Le Rav Moché Feinstein (Igrot Moché Y.D., 1, 143) écrit que ceci est valable pour tous les impôts sur des entrées d'agent, tels qu'un loyer qu'on reçoit. On ne fera le calcul pour le maasser qu'à la base de l'argent que l'on a effectivement reçu. Mais il y a d'autres impôts, qu'il faut considérer différemment et qui doivent être assimilés à une dette, dont il est interdit de s'acquitter avec l'argent du maasser. Une taxe d'habitation par exemple.
Ceci ne fait pas l'unanimité et le Rav Weiss (Minhat Ytshak 5, 34 et 35; 7, 68) ne fait pas la différence entre les différents types d'impôts et considère que l'on peut toujours les déduire de la somme de laquelle on calculera le maasser, surtout si on est un peu serré financièrement.
En tenant compte de ce que nous avons écrit précédemment, que l'on peut calculer à la base de ce qui reste en fin de mois, la question ne se pose en fait pratiquement pas.

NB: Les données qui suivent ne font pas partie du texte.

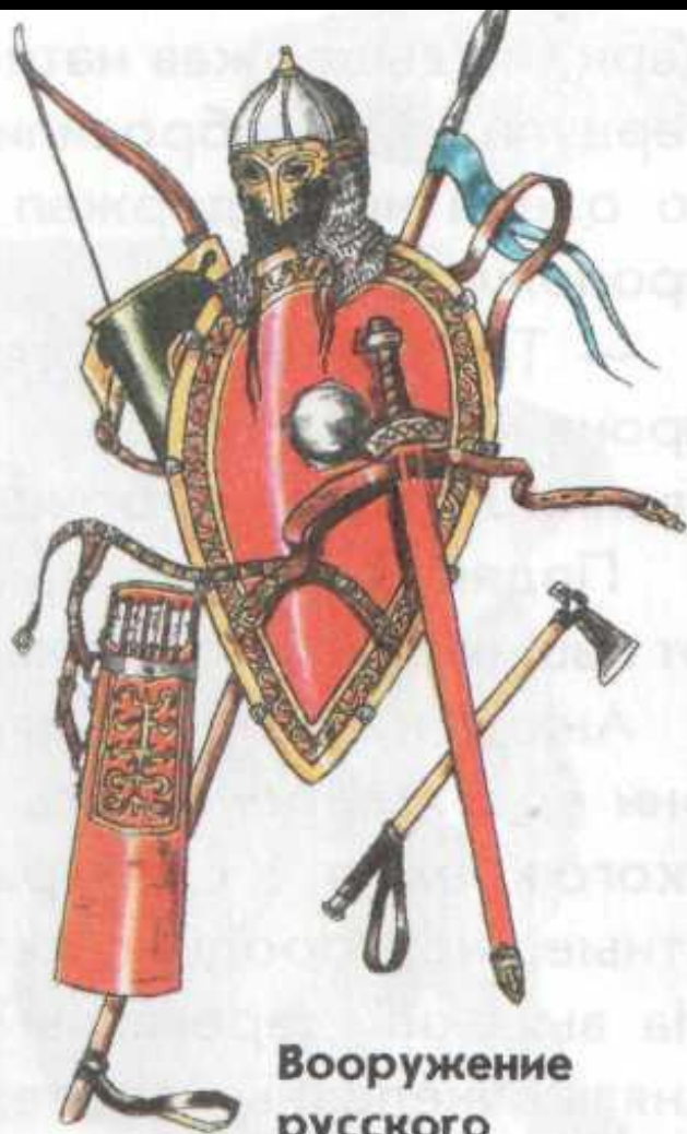
Вооружение русского дружинника.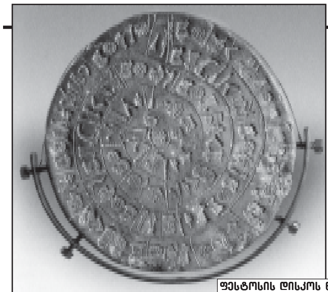
ფესტოსის დისკოს წინა და უკანა მხარე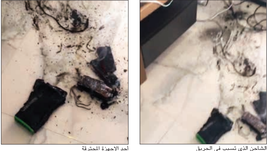
أحد الأجهزة المحترقة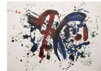
ART 1-103 LxH 70x50, 2025., tinta i akril na papiru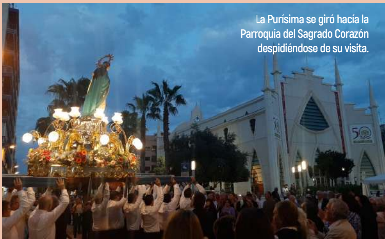
La Purísima se giró hacia la Parroquia del Sagrado Corazón despidiéndose de su visita.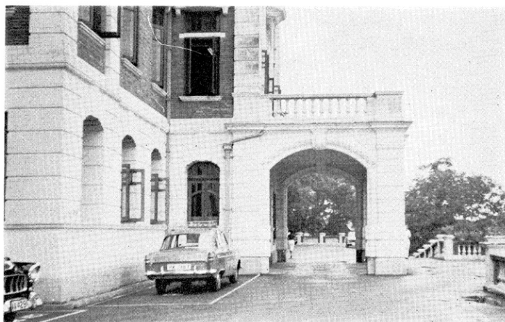
香 港 大 学 正 面 玄 関

文学部は 英文・支那文学・歴史学・経済社会科学・地理地質・哲学・近代言語学・教育学の各学科に分かれ これらに入学するには 英本国の規準試験に合格したもののみが許される。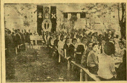
Al celebrar en publincaisón Discipliada, ha sido celebrado... el día 18 de junio, la fiesta del glorioso Ascension Nacional... La Fiesta de la Enaltación del Trabajo. Guipúzcoa, maritima e industrial, ha organizado en el mayor entusiasmo... una fiesta a los tres elementos productivos...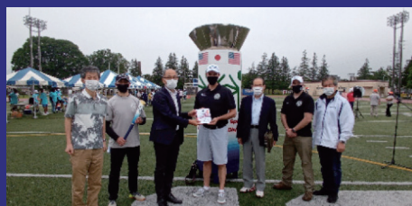
Support USAF members to organize local activities "Special Olympics"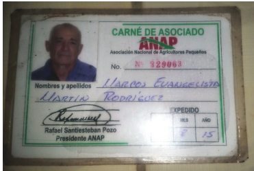
Carné de la Asociación Nacional de Agricultores Pequeños.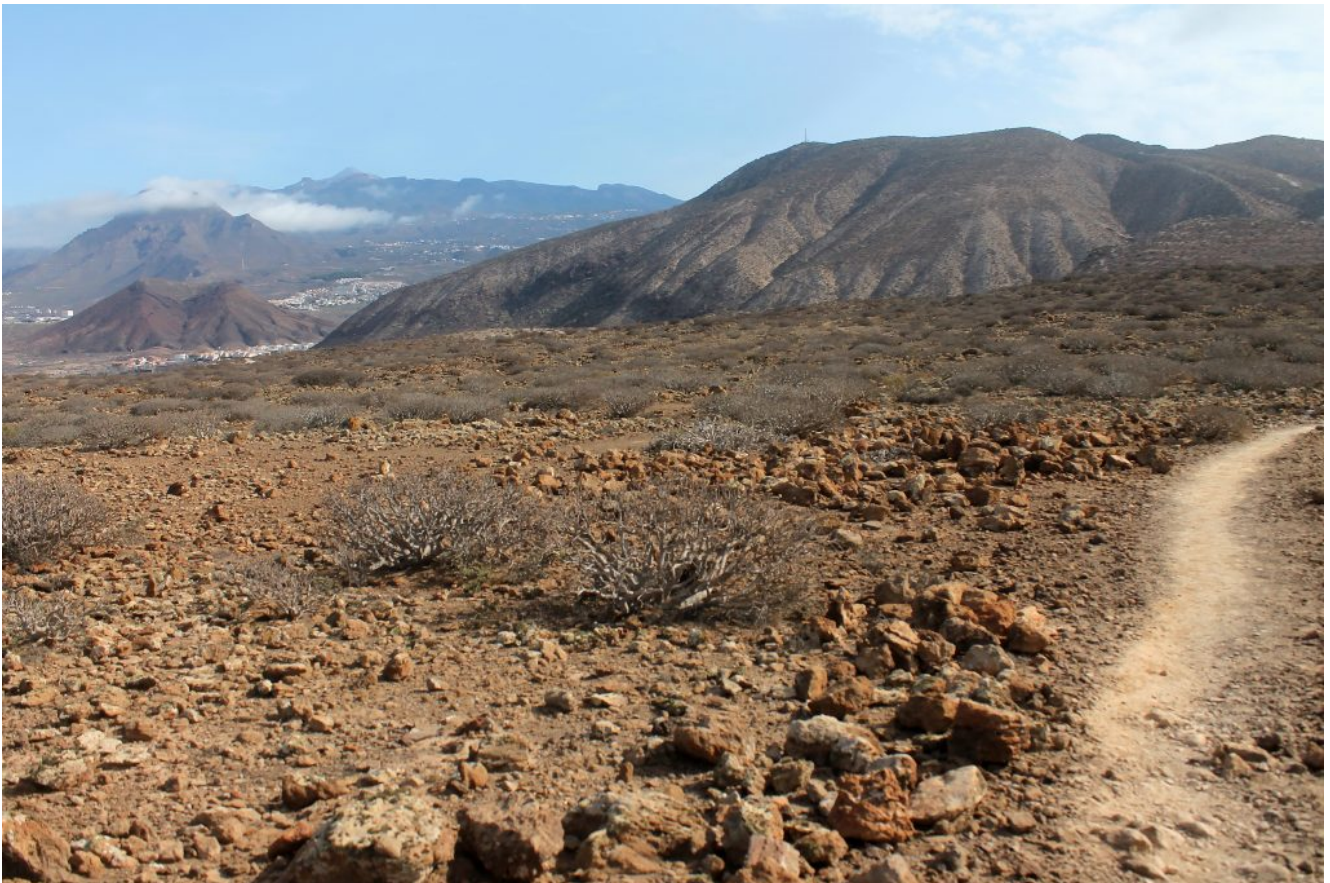
9- La piattaforma lavica prima della cima del Morros del viento, a sinistra il Roque del Conde immerso dalla nebbia e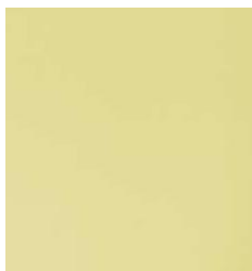
Figura 2- Pintura acrílica cor amarelo dália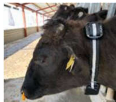
生体モニタリングシステム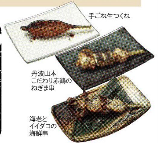
丹波山本 こだわりの赤鶏の ねぎま串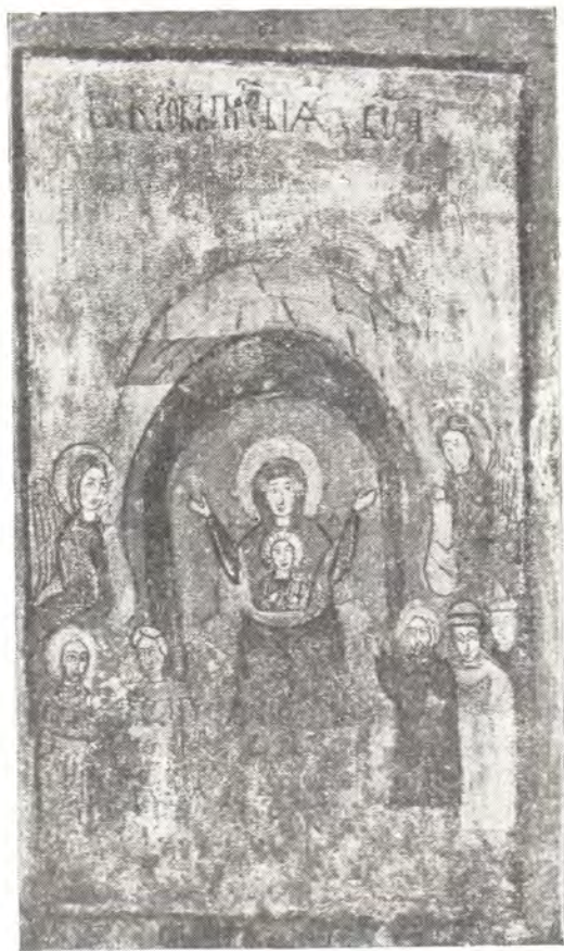
Покров Пресвятой Богородицы Икона кон. XII — нач. XIII в. Рис. 2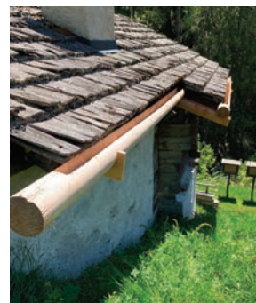
PRODUIT: #CHENEAU CATÉGORIE: PRODUITS FORESTIERS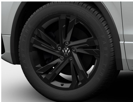
19-Zoll-Leichtmetallrad „Valencia“ in Schwarz 2

Serienausstattung Tiguan Allspace Elegance, optional für Tiguan Allspace Life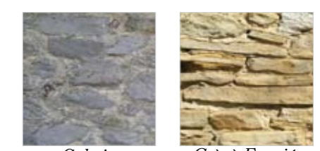
Calcaire Grès à Fromièe

Préférez la chaux naturelle au ciment. Perméable à la vapeur d'eau (contrairement au ciment), la chaux permet au bâtiment de «respirer».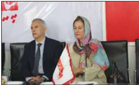
ادواردو لوپس بوستکتس سفیر اسپانیا در تهران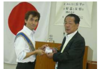
新入会員2名紹介者表彰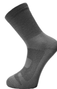
MANAGER BAMBOO ponožky s bambusem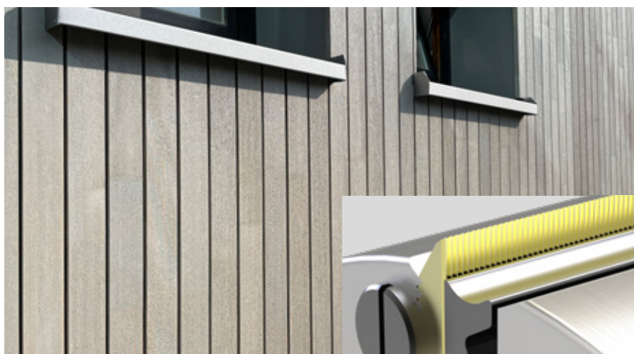
O uso de facas de aplainamento perfiladas produz revestimentos em fachada com um aspecto rústico.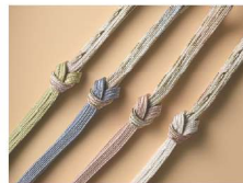
とうきょうくみひも 東京くみひも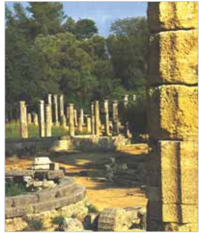
Αρχαιολογικός Χώρος της Ολυμπίας

Οι πρώτοι Ολυμπιακοί αγώνες έγιναν το 776 π.Χ. Οι αγώνες τελούνταν κάθε πέμπτο έτος και διαρκούσαν πέντε μέρες. Το διάστημα των τεσσάρων ετών που μεσολαβούσε λεγόταν Ολυμπιάδα. Γίνονταν κατά τη θερινή πανσέληνο (πρώτη πανσέληνο μετά τη θερινή ισημερία) που ήταν μεταξύ της τελευταίας βδομάδας του Ιουλίου και του πρώτου μισού του Αυγούστου.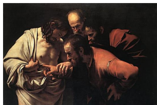
La resurrezione nell'arte: i dipinti più famosi sulla Pasqua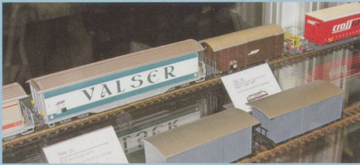
Bemo. A selection of the new freight vehicles. At the back, the re-issued "Valser" van, the "A&M" private van, container wagon with "Crossrail" container. In front, body moulds for the early RhB vans.

4: Y a-t-il une limite maximale?

La Talmud parle d'une décision prise à Oucha (en Galilée) qu'il était interdit de donner plus d'un cinquième de ses biens à le Tsedaka.
Bill Gates ayant doté sa fondation de trente milliards de dollars a-t-il enfreint cette interdiction?
Rabbi Moché Isserliss dans ses remarques sur le Choulh'ane Aroukh (Y.D., 249, 1) explique que le but de cette interdiction est d'éviter que des personnes au trop grand cœur ne tombe elle-même dans le besoin et deviennent dépendantes de la communauté.
Malgré l'opinion du Rav Moché Feinstein qu'il ne faut en aucun cas dépasser cette limite maximale sauf si il y a danger de mort (pour financer une opération, par exemple) (Igrot Moché Y.D., 1, 143), d'autres décisionnaires pensent que  Bill Gates n'a rien fait de mal en donnant tant d'argent à la Tsedaka. C'est ce qu'écrit le Rav Ytshak Yaacov Weiss (Minhat Ytshak 5, 34). Il cite à l'appui Rabbi Avraham Danzig (Hokhmat Adam 144, 10) et d'autres (Ahavat Hessed 20, 1).

5: Pour quels buts a-t-on le droit de donner l'argent?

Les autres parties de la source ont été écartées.